**WHAT IS NEEDED**
From the line containing "Шведская стенка оснащена" down to the last line of the listing, quote everything word for word, and nothing else, keeping pictures out.

**LISTED ENTRIES**
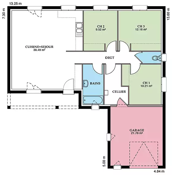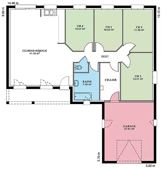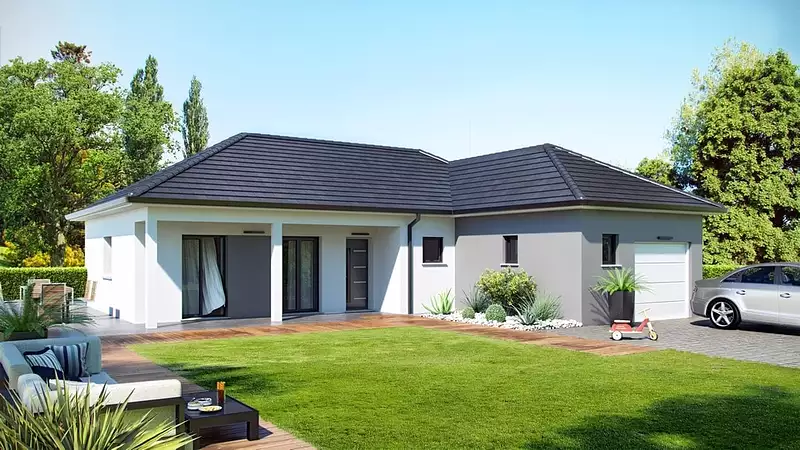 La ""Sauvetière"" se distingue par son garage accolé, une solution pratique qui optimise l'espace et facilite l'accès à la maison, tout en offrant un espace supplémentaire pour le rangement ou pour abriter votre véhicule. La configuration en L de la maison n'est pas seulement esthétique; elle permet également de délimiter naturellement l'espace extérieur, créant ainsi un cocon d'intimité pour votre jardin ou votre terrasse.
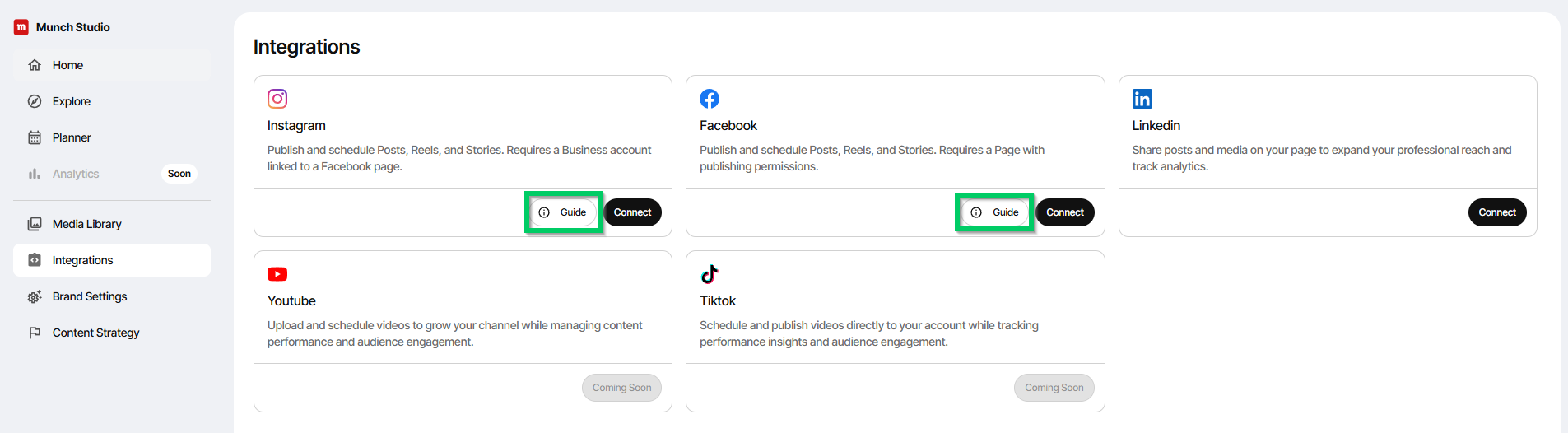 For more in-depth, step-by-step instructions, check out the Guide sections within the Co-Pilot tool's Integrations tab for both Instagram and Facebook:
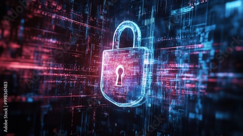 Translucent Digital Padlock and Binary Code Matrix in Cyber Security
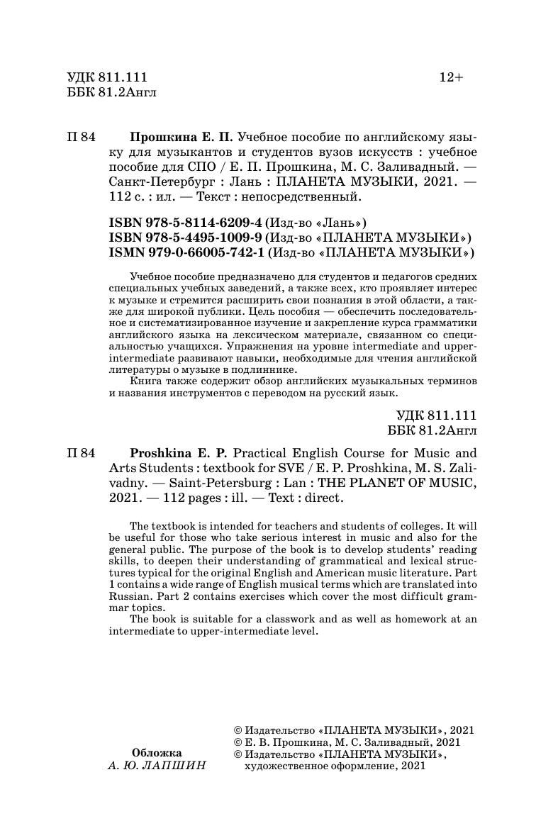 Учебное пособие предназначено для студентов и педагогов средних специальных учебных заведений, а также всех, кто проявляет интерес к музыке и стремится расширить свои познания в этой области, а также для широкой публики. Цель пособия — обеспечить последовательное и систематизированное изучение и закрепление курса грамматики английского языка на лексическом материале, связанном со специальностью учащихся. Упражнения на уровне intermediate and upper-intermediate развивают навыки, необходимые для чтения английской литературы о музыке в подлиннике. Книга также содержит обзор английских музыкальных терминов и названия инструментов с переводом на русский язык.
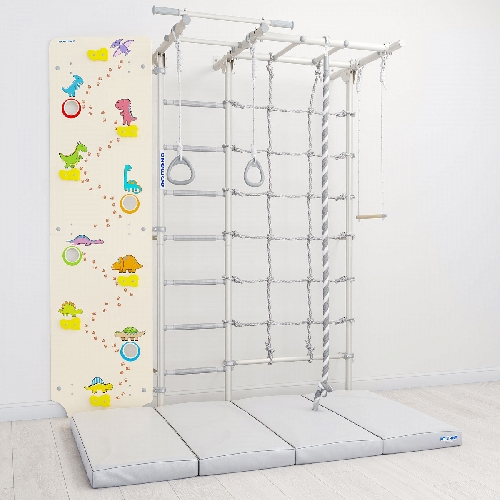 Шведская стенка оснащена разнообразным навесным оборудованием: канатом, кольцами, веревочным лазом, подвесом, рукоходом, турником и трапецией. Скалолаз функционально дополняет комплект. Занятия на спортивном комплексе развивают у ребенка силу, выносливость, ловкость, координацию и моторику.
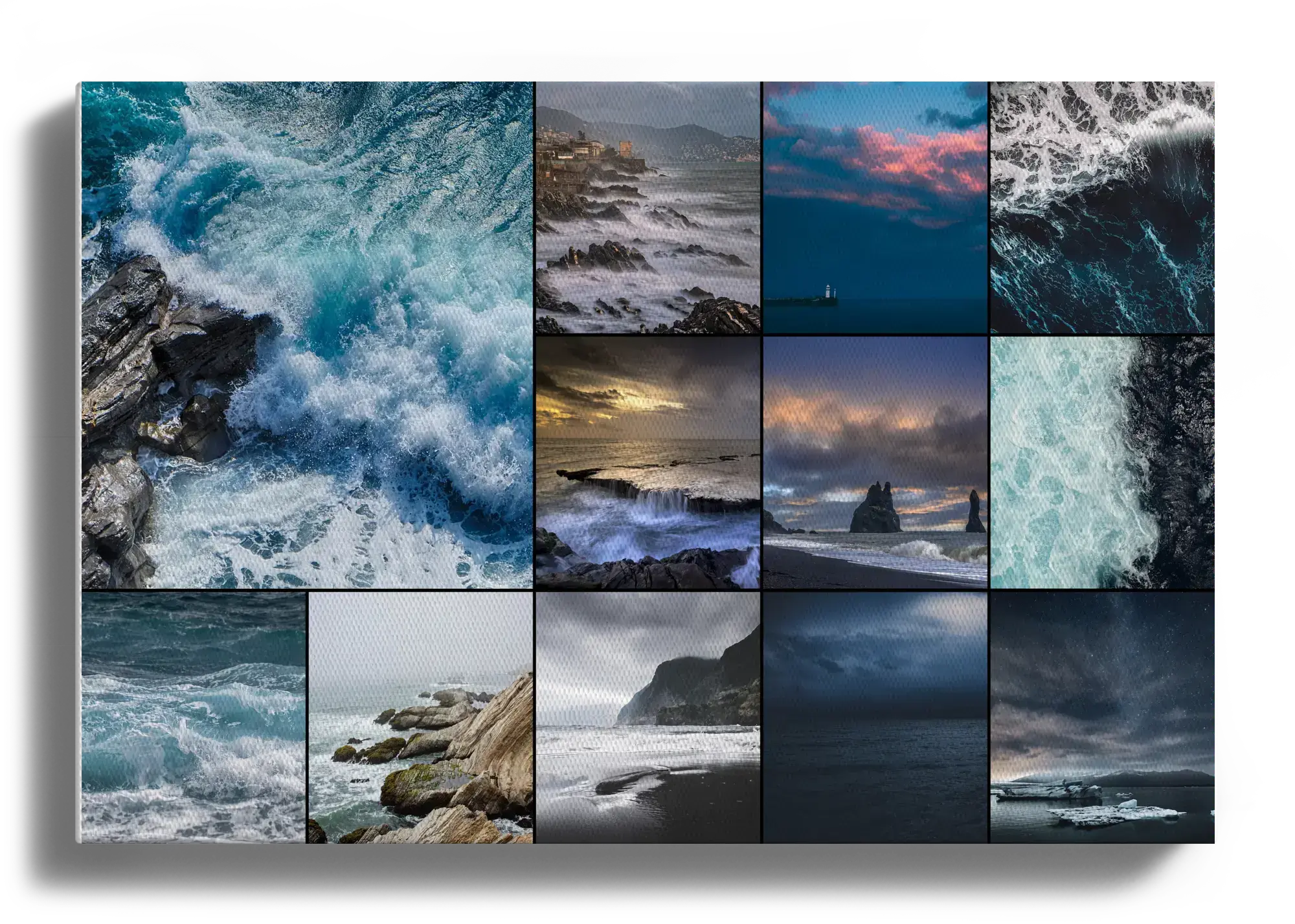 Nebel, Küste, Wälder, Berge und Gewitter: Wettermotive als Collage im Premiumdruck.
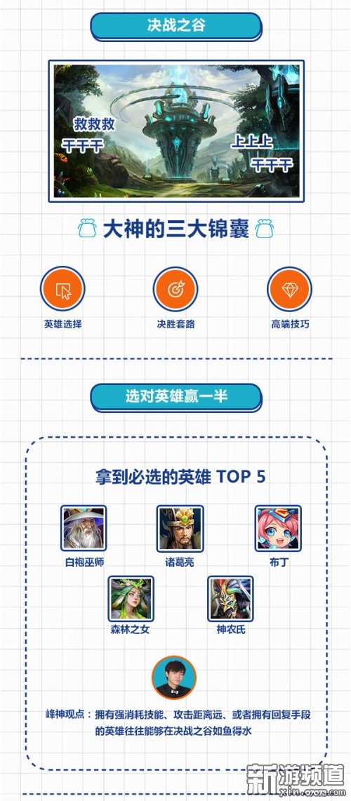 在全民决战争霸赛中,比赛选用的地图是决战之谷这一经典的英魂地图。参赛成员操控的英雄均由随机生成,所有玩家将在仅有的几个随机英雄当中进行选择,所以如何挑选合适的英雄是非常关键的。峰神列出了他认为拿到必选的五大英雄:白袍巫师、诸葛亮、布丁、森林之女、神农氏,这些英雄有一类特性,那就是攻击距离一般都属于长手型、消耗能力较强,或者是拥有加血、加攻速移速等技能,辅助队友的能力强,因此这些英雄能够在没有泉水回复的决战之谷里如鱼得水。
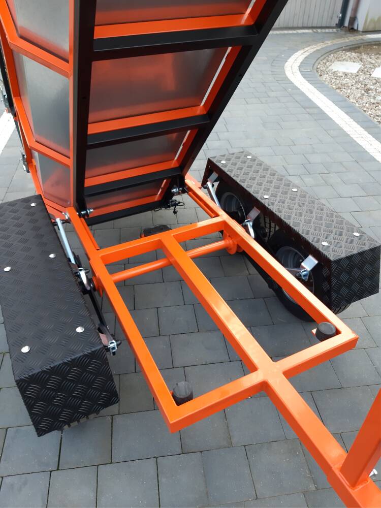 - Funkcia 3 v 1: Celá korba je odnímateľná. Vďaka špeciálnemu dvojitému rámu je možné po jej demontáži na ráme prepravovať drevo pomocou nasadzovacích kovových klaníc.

**ANSWER TO THE EXERCISE**
 Шведская стенка оснащена разнообразным навесным оборудованием: канатом, кольцами, веревочным лазом, подвесом, рукоходом, турником и трапецией. Скалолаз функционально дополняет комплект. Занятия на спортивном комплексе развивают у ребенка силу, выносливость, ловкость, координацию и моторику.
 Nebel, Küste, Wälder, Berge und Gewitter: Wettermotive als Collage im Premiumdruck.
 在全民决战争霸赛中,比赛选用的地图是决战之谷这一经典的英魂地图。参赛成员操控的英雄均由随机生成,所有玩家将在仅有的几个随机英雄当中进行选择,所以如何挑选合适的英雄是非常关键的。峰神列出了他认为拿到必选的五大英雄:白袍巫师、诸葛亮、布丁、森林之女、神农氏,这些英雄有一类特性,那就是攻击距离一般都属于长手型、消耗能力较强,或者是拥有加血、加攻速移速等技能,辅助队友的能力强,因此这些英雄能够在没有泉水回复的决战之谷里如鱼得水。
 - Funkcia 3 v 1: Celá korba je odnímateľná. Vďaka špeciálnemu dvojitému rámu je možné po jej demontáži na ráme prepravovať drevo pomocou nasadzovacích kovových klaníc.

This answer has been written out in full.